REQUIRED WORK ::
For the material below, the expected output is exactly the lines between the line holding "3 To decorate, press" and the line holding "1、在 Barmakjan 输入法输入界面,点击输入的文字区域,可查看相关功能选项。", inclusive, with pictures left out.

DATA SHOWN ::
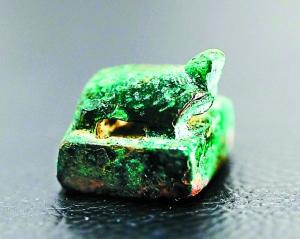这方“驸马都尉”印通身绿锈,印台上铸着一只小龟。
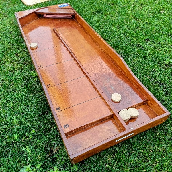 Een leuke variant op sjoelen! Met 6 sjoelschijven probeer je de gekleurde sjoelschijf in een puntenvak te spelen.
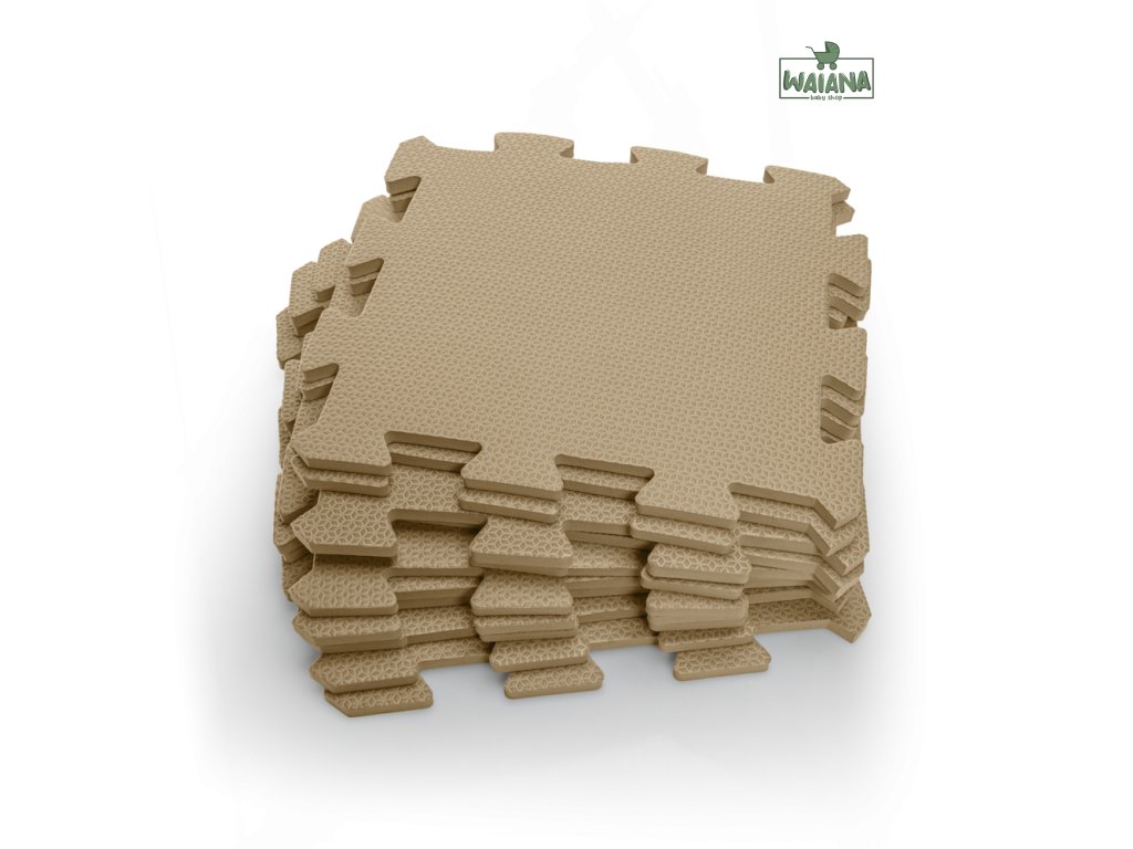 Jednotlivé dlaždice 30 × 30 cm (9 ks) do seba perfektne zapadajú. Podložka je vhodná pre deti od narodenia, vyrobená z nezávadného a príjemného materiálu.
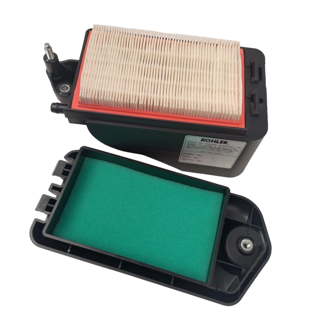 A genuine replacement Kohler air filter box, including a replacement air filter and pre-clean filter for the 22" zero turn lawnmower, only from Titan Pro.
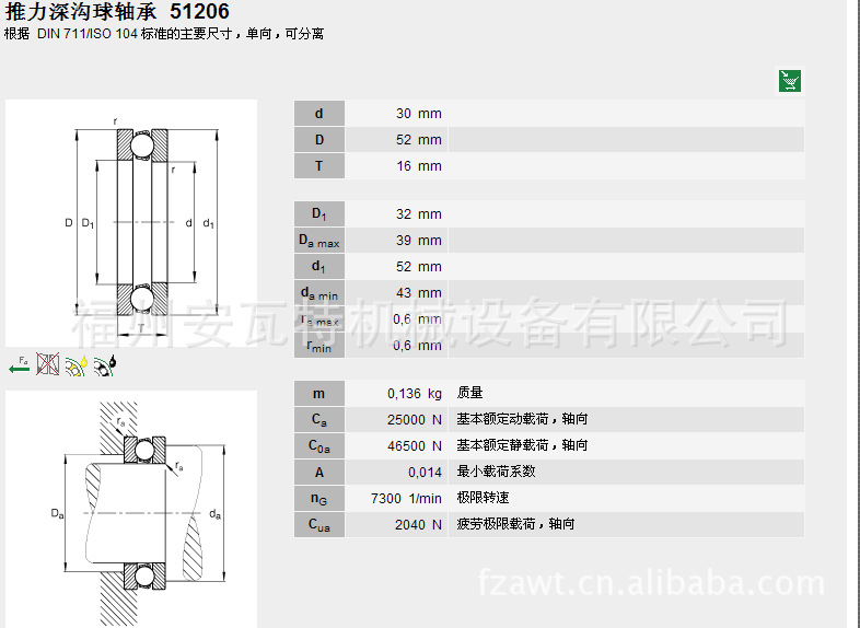 只适用于承受一面轴向负荷、转速较低的机件上,例如起重机吊钩、立式水泵、立式离心机、千斤顶、低速减速器等。 |
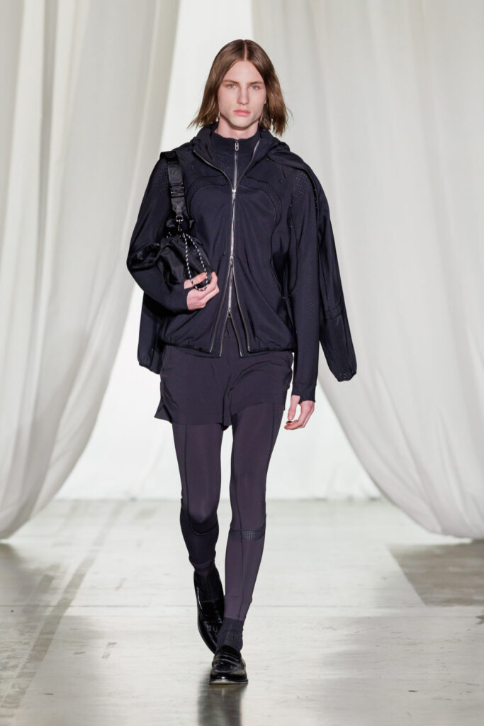 Also previewed during the show was SLNSH Spring 2026, Nash’s ongoing collaboration with Lululemon. Select men’s and women’s looks hinted at a softer, nature-inspired direction, with transformable jackets, barrel trousers, and technical accessories that continue to blur the line between performance and lifestyle.
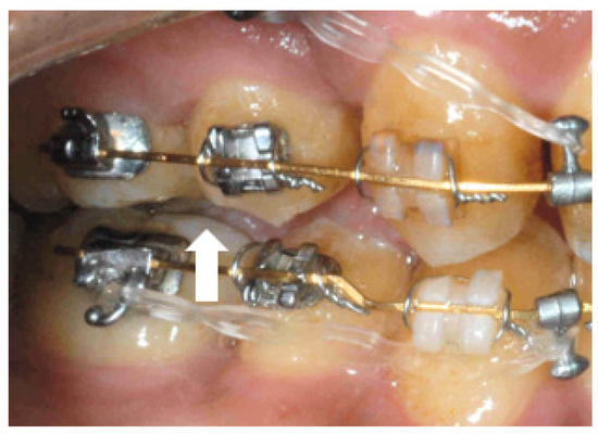 - Nakamura, A.; Teratani, T.; Itoh, H.; Sugawara, J.; Ishikawa, H. Photoelastic stress analysis of mandibular molars moved distally with the skeletal anchorage system. Am. J. Orthod. Dentofac. Orthop. 2007, 132, 624–629. [Google Scholar] [CrossRef]
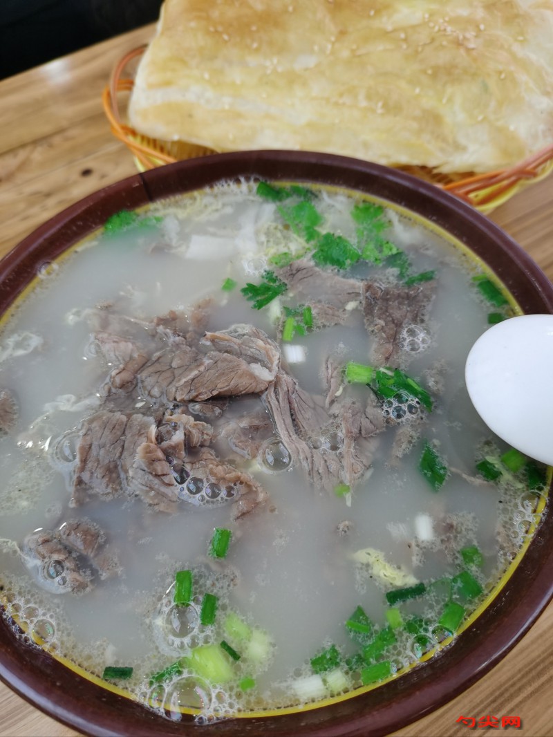 工艺:牛骨敲断露出骨髓,牛肉切500克方块,清水浸泡2小时去血水后沥干,富磷联B15克加150克温水溶解,倒入牛肉中抓拌均匀腌制4小时,牛骨、牛肉冷水入锅,加生姜30克、大葱25克、料酒30克大火煮沸后撇净浮沫,捞出用温水冲洗干净,香料包用温水浸泡8分钟沥干,牛油300克入锅炼至无腥味,加剩余姜葱炸香后捞出残渣,下辣椒面100克炸至棕红捞出,制成牛油辣子,汤桶加清水25千克,放入牛骨垫底、牛肉铺面,大火煮沸后转中火保持微沸,放入香料包煮25分钟出香,加食盐90克、味达蕾901号12克搅匀,继续煮至牛肉熟透(筷子可插入)捞出,牛肉冷却后切薄片,汤桶保持85℃保温,牛骨继续熬制至汤色乳白(约3.5小时),过滤汤渣得浓汤,取碗放入鸡精30克、胡椒粉20克,舀入热汤冲化,放入牛肉片40克、粉丝80克、豆腐皮30克,淋牛油辣子15克,撒香菜末8克、葱花3克即成
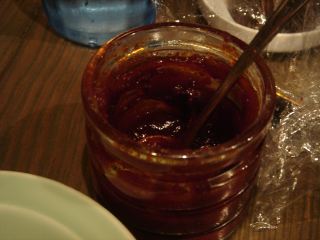 さて野菜がどかっとのった味噌野菜らーめんは、スープは味噌の旨みとコチジャン(写真最後)の辛味がうまくマッチしていて、まさに“旨辛”である。麺は、自家製の中太ストレート麺でこれだけのスープにも負けていない。具は、野菜炒め(多め)・豚バラ肉・メンマなど。質と量に満足していると、なんと長男が自分で支払うという。バイトでがんばっているからね、と言わんばかりに・・・ 心も満足した。(2005.12.10)
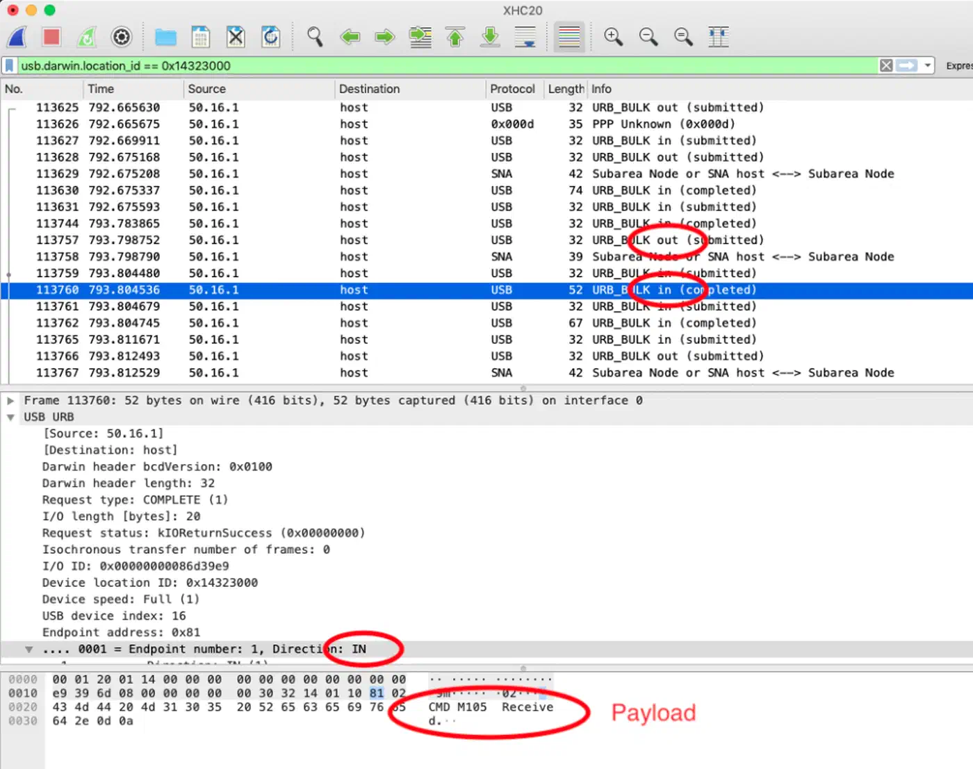 usb.bus_id == 3 && usb.device_address == 7 && !(usb.transfer_type == 0x05)Focus on URB_BULK and URB_CONTROL types with DATA IN or DATA OUT directions. These are the actual command and response payloads.
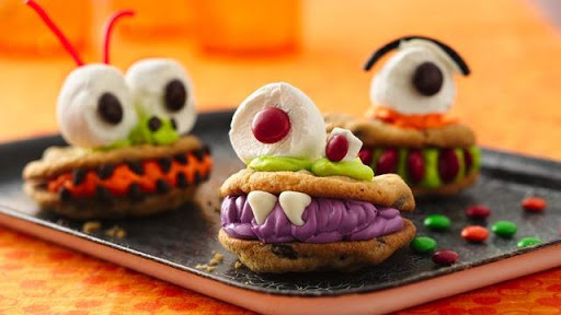 3 To decorate, press remaining white vanilla baking chips in frosting for teeth. Use reserved frosting mixture to attach eyes, using decorations as desired.
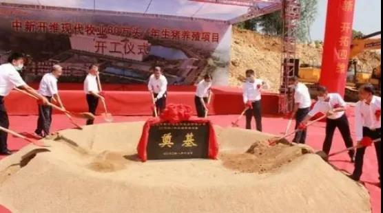 2020年8月17日上午,湖北中新開維現代牧業有限公司年產60萬頭生豬養殖項目開工典禮在湖北世紀新峰雷山水泥廠區內隆重舉行。項目計劃投資20億元,建設單體26層高的生產大樓及附屬建筑,總建筑面積45萬平方米,建成后年出欄生豬量可達60萬頭。
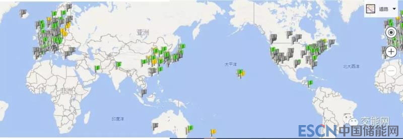 2018年,氫能的發(fā)展則更加迅猛,不斷有加氫站建成。截止到2018年年底,日本加氫站達(dá)到100座以上,德國(guó)加氫站數(shù)量達(dá)到69座,同時(shí)除德國(guó)外,其它歐洲地區(qū)也加快了氫能基礎(chǔ)設(shè)施的研究建設(shè)步伐。下圖展示了全球加氫站分布地圖,其中灰色及綠色表示已建成,黃色表示在建:
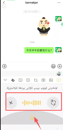 1、在 Barmakjan 输入法输入界面,点击输入的文字区域,可查看相关功能选项。
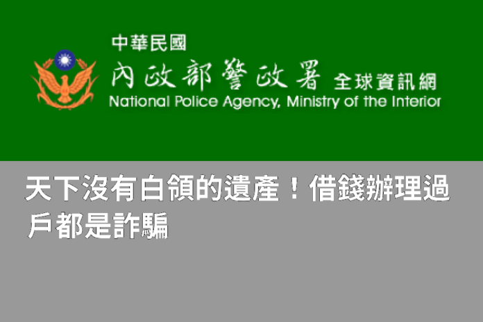 刑事局呼籲,天上不會掉下遺產, 遺產繼承有嚴格的法律程序與順位,若與死者無親無故,卻被告知有相關遺產報酬可領,100% 是詐騙。正規的遺產處理程序中,相關稅費通常會從遺產總額中扣除,或由法定繼承人自行繳納,絕不會隨機找陌生人「借錢」處理。若收到自稱律師或銀行員的訊息,請務必透過官方管道查詢。可使用法務部律師查詢系統核實身分,而非撥打訊息中提供的聯絡電話。凡是提及「借錢」、「代墊費用」、「高額佣金」等關鍵字,民眾務必提高警覺。若有任何疑慮,請立即撥打 165 反詐騙諮詢專線或撥打 110 報案,亦可透過打詐儀錶板獲取最新防詐資訊。

SOLUTION TO THIS EXERCISE ::
 3 To decorate, press remaining white vanilla baking chips in frosting for teeth. Use reserved frosting mixture to attach eyes, using decorations as desired.
 2020年8月17日上午,湖北中新開維現代牧業有限公司年產60萬頭生豬養殖項目開工典禮在湖北世紀新峰雷山水泥廠區內隆重舉行。項目計劃投資20億元,建設單體26層高的生產大樓及附屬建筑,總建筑面積45萬平方米,建成后年出欄生豬量可達60萬頭。
 2018年,氫能的發(fā)展則更加迅猛,不斷有加氫站建成。截止到2018年年底,日本加氫站達(dá)到100座以上,德國(guó)加氫站數(shù)量達(dá)到69座,同時(shí)除德國(guó)外,其它歐洲地區(qū)也加快了氫能基礎(chǔ)設(shè)施的研究建設(shè)步伐。下圖展示了全球加氫站分布地圖,其中灰色及綠色表示已建成,黃色表示在建:
 1、在 Barmakjan 输入法输入界面,点击输入的文字区域,可查看相关功能选项。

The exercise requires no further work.